I am trying to clean phone numbers using phonenumbers library. I created function to get country code & national number and store in columns 'country_code' and 'national_number'
I am trying to use apply() on dataframe which has noisy numbers. I am trying to use apply over loop due to performance gain.
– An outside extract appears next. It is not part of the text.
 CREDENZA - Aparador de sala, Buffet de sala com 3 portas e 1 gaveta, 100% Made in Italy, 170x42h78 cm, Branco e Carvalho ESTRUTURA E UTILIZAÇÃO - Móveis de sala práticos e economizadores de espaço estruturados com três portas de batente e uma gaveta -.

Below is code:
import phonenumbers
import pandas as pd
df_phone = pd.read_csv(r'D:\Code\Address-Nominatim\Address-Nominatim\Phone_Valid.csv',encoding='utf8')
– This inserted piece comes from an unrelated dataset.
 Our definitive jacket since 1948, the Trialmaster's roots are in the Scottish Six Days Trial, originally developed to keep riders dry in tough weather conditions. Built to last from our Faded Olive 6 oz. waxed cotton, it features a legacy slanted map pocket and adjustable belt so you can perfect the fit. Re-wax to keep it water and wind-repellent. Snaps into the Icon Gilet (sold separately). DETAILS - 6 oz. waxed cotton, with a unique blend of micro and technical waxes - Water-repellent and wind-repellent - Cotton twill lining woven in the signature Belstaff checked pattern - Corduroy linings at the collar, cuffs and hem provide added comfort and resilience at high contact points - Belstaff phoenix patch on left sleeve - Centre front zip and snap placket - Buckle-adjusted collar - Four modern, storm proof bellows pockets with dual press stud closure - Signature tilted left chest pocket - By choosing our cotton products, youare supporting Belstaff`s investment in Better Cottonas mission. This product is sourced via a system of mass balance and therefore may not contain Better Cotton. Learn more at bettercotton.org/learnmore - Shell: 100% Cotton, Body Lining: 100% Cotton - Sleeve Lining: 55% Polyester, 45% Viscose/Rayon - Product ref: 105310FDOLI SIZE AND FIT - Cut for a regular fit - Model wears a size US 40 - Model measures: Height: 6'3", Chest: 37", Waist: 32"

df_phone['country_code'] = ''
df_phone['national_number'] = ''
df_phone['valid']=''
def phone_valid(phone):
try:
#print(phone['PHONE'] " " phone['COUNTRY'])
x = phonenumbers.parse(phone['PHONE'],phone['COUNTRY'])
df_phone['country_code'] = x.country_code
df_phone['national_number'] = x.national_number
df_phone['valid']=phonenumbers.is_possible_number(x)
except:
df_phone['country_code'] = "Error"
df_phone['national_number'] = "Error"
df_phone=df_phone.apply(phone_valid,axis=1)
print(df_phone)
but dataframe df_phone only has none values.Below is sample output of df_phone
none | none |
---|---|
1 | none |
2 | none |
Can someone tell me what mistake I am making?
Regards,
CodePudding user response:
You aren't supposed to assign into the dataframe when you use apply. (Think of the case where you didn't actually even have access to the df_phone
(global) variable.)
Instead, just return new values from apply
so Pandas will assign them; as you need to return multiple columns, you'll need something like (self-contained example; replace phone_valid
with your implementation):
import pandas as pd
df_phone = pd.DataFrame({
'PHONE': ['100', '200', '300', '400', '500'],
'COUNTRY': ['FI', 'US', 'SV', 'DE', 'FR'],
})
def parse(phone, country):
return (phone * 3, country[::-1])
def phone_valid(phone):
national, country = parse(phone['PHONE'], phone['COUNTRY'])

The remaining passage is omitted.